4. Within 200 Mile radius from Portland, OR.


----------



## ajthoma (Oct 31, 2012)

Kinda depends on how much you are looking to spend. We went looking last year. I wanted 2 - 5 acres and wanted an old mobile on it to tear down and build something smaller. Everything we looked at around Corvallis was $300K + and was was covered with restrictions to build 2000+ sq. ft. houses. Thought that maybe a "local" realtor might be the answer (not someone living in the big city who just showed us MLS stuff we could find on-line). Driving down the rural highway we found a realtor's sign. He knew someone who had wanted to sell a few years before but had taken it off the market. We got a deal on 25+ acres plus a partially completed house (it has a pond, spring and fruit trees galore). We spent just a tad more than we had anticipated for the 2 acres and the previous owners are around for us to ask advice. I would suggest going down the country roads and noting real estate agents from the area and asking them if they know of something that might be a deal/not listed at that time. Good luck.


----------



## ozarkchaz (Feb 4, 2005)

Oregon, 

PM sent to your inbox.


----------



## oregon (Oct 9, 2015)

I think its a good idea to engage with a local realtor. I'm trying keep the cost $50-100k, not sure if any suitable property is available in that range.


----------



## remmettn (Dec 26, 2005)

oregon said:


> 1. 2-5 Acres
> 2. Zoned for - Homestead activity and small cabin/cabin style house and barn.
> - Water availability for small scale gardening (fruit trees, vegetables etc)
> - 2-6 goats, 2-4 sheep, 1-2 horses, chickens, turkey and ducks.​3. Eligible for financing from a Bank.
> 4. Within 200 Mile radius from Portland, OR.
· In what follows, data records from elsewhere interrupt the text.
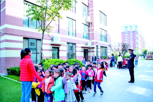 安保人员悉心护卫放学的孩子们。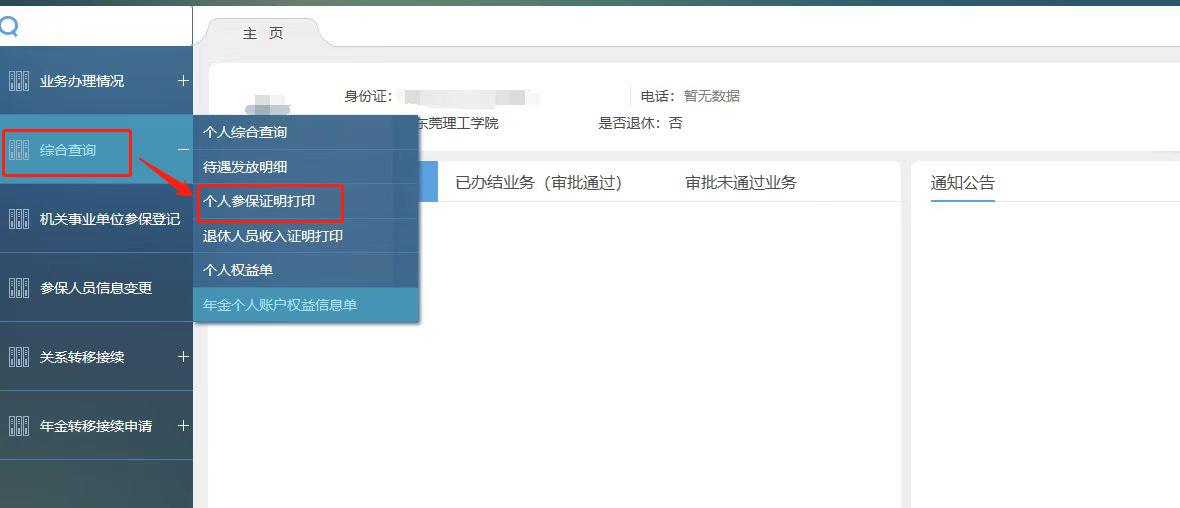 第一步:点击“综合查询”-“个人参保证明打印”。
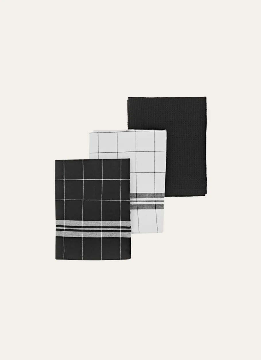 Lot de 3 torchons en coton : 2 à carreaux, tissés fil-teint et 1 torchon uni en nid d’abeille. Dimensions (cm) : H70 x L45. Existe en plusieurs coloris.

look at Packwood, Washington the area is nice.
:goodjob:


----------



## smidley (Jan 21, 2016)

ajthoma said:


> Kinda depends on how much you are looking to spend. We went looking last year. I wanted 2 - 5 acres and wanted an old mobile on it to tear down and build something smaller. Everything we looked at around Corvallis was $300K + and was was covered with restrictions to build 2000+ sq. ft. houses. Thought that maybe a "local" realtor might be the answer (not someone living in the big city who just showed us MLS stuff we could find on-line). Driving down the rural highway we found a realtor's sign. He knew someone who had wanted to sell a few years before but had taken it off the market. We got a deal on 25+ acres plus a partially completed house (it has a pond, spring and fruit trees galore). We spent just a tad more than we had anticipated for the 2 acres and the previous owners are around for us to ask advice. I would suggest going down the country roads and noting real estate agents from the area and asking them if they know of something that might be a deal/not listed at that time. Good luck.


I'm looking for something similar. Would you mind PMing me the contact info for the real estate agent you used?


----------